━━━ ENTRIES SHOWN

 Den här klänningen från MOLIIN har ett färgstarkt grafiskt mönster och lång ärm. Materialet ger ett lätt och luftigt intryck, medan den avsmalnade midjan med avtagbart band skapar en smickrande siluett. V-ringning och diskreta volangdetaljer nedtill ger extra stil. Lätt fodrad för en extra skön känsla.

━━━━━━
━━━ ENTRIES SHOWN

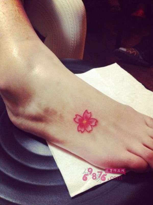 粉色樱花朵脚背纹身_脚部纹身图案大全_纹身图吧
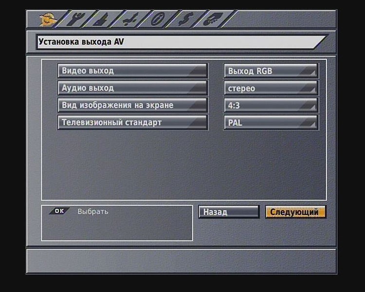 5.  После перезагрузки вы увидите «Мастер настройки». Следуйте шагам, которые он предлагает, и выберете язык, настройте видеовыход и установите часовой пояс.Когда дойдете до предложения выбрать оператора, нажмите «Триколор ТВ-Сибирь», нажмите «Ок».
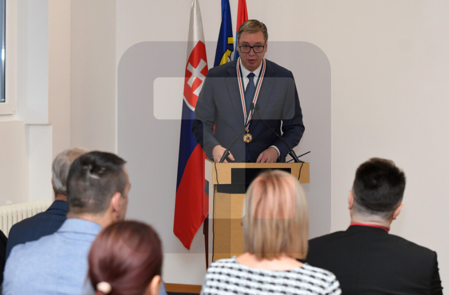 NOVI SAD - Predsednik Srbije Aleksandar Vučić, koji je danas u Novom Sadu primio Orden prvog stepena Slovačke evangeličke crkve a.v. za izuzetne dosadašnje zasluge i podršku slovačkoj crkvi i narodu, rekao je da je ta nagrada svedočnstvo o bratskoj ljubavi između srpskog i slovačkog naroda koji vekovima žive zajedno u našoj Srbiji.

━━━━━━

> _TASK GOAL_
Pictures excluded, reproduce only the part above that opens with the line holding "5.  После перезагрузки" and closes with the line holding "NOVI SAD - Predsednik", exactly as written.

> _WRITTEN REPLY_
 5.  После перезагрузки вы увидите «Мастер настройки». Следуйте шагам, которые он предлагает, и выберете язык, настройте видеовыход и установите часовой пояс.Когда дойдете до предложения выбрать оператора, нажмите «Триколор ТВ-Сибирь», нажмите «Ок».
 NOVI SAD - Predsednik Srbije Aleksandar Vučić, koji je danas u Novom Sadu primio Orden prvog stepena Slovačke evangeličke crkve a.v. za izuzetne dosadašnje zasluge i podršku slovačkoj crkvi i narodu, rekao je da je ta nagrada svedočnstvo o bratskoj ljubavi između srpskog i slovačkog naroda koji vekovima žive zajedno u našoj Srbiji.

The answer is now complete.